A crew of eight people work the farm. Two of the crew drive to Boston twice a week to deliver the produce, at eight distribution sites one day and four sites during the next trip.
The farm has been owned and managed by Nathan Frigard, better known as Nate, since 2011.
The 45 acres that comprise the farm are leased from Grow Food Northampton Inc., a nonprofit organization dedicated to the promotion of farmers and local farming.
According to Frigard, when the family that previously owned the land sold it to Grow Food Northampton, they received full market value, but part of the purchase proceeds were provided by putting the land under agricultural preservation restrictions and thereby preserving the land from development. Inside the busy town of Florence, MA, and situated just a mile from the Northampton Country Club, it is in a prime location.
Frigard is dedicated to organic farming and preserving the land by improving the soil, using no pesticides and farming with organic practices, although they are not certified organic. How he does that is “to make sure we don’t spray pesticides. We really try to build up our soil. It’s very sandy loam – it doesn’t retain organic matter as much as a clay soil. We mix into the loam as much mulch with organic matter as possible.”
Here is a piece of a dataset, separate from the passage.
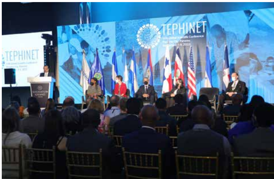
Epidemiólogos y científicos de diversos países se reunieron en Panamá durante la Conferencia Científica Global de Epidemiología.

Hasta el viernes 9 de septiembre, Panamá fue la sede de la 11ª Conferencia Científica Global TEPHINET, evento que se realizó por segunda vez en un país miembro del Consejo de Ministros de Salud de Centroamérica y República Dominicana (Comisca). Este encuentro, que fue inaugurado en representación del Gobierno Nacional por el ministro de Salud, Luis Francisco Sucre, acogió a científicos de todo el mundo que abordaron diversos temas epidemiológicos. “Este evento es importante para Panamá porque como país ha demostrado los avances en materia de epidemiología de campo y, además, el intercambio de información y conocimientos entre epidemiólogos de otros países para abordar temas tales como la Covid-19 y la viruela símica, y para trabajar a nivel regional y mundial”, mencionó Sucre ante un auditorio de más de 400 profesionales de la salud pública. TEPHINET es la red global de Programas de Capacitación en Epidemiología de Campo (FETP, por sus siglas en inglés) que crea una fuerza mundial para proteger a todas las personas de las amenazas que podrían afectar la salud pública.

They reduce tillage as much as they can. “The center of my soil fertility cure is cover cropping and crop rotation using organic fertilizer,” said Frigard.
They plant rye, clover, vetch, peas, oats and buckwheat and till them under to nourish and aerate the soil.
A first-generation farmer, Frigard became interested in farming while he was in college. He has been farming for nearly 23 years. His children Noah, 11, and Asher, 3, follow in his footsteps.
“When I first got into it, I liked the work, being outside, lifting things, being part of a team, the environment. The camaraderie was something I really enjoyed,” he said. At the time, he worked on a farm with a crew of 16 people.
Over time, he learned the science behind farming as well as business skills.
Then, “my ex-wife and I were given this land opportunity in 2010 through Grow Food Northampton,” Frigard said, and they started leasing the current 45 acres.
He brought that sense of camaraderie with him to his own farm. As people enter and leave the property with their arms overflowing with CSA shares, watermelons or fresh-cut flowers, he gives them a big smile.
He’s renovated the barn and recently had an extension built onto it using a farm grant that allows there to be a sale space year-round, with a washing station for produce and more refrigeration. The roof of the barn is lined with solar panels.
Inside the farm store, there are rows of their crops – melons, watermelons, basil, tomatoes and other produce that can also be found as part of a member’s CSA. Members love and always ask for the basic crops too – lettuce, carrots, cucumbers and squash.
They also offer other farms’ produce. There are three refrigerators inside the main store. One holds two shelves of eggs from Cream of the Crop Farm (Russell, MA), Elmhurst oat and cashew milk (Elmhurst, NY), milk from Mapleline Farm (Hadley, MA) and buttermilk from Hawthorne Valley (Ghent, NY).
There are wooden shelves full of Northampton, MA’s Red Barn honey, coffee, Sweet Babu’s granola and other sundries. A freezer holds beef and meat from Hettie Belle Farm (Warwick, MA).
What is new? “Nothing crop-specific, but this year and last year, we started a winter share CSA that lasts 20 weeks starting November,” answered Frigard. The ongoing spring/summer CSA lasts 20 weeks.
He has advertisements that began at the end of August on a local radio station, WRSI, to highlight the winter CSAs.
What has he learned over the years? “The biggest thing is to try to listen to people. CSA members give the best feedback,” he said. “Try to listen to your crew, what they have to say about what’s going on in the fields. Don’t just have them do things in a certain way that would be how I would want them to be. Try to be flexible.”
In case you were wondering, the farm is named after the famous 1968 song “Crimson and Clover” by Tommy James and the Shondells.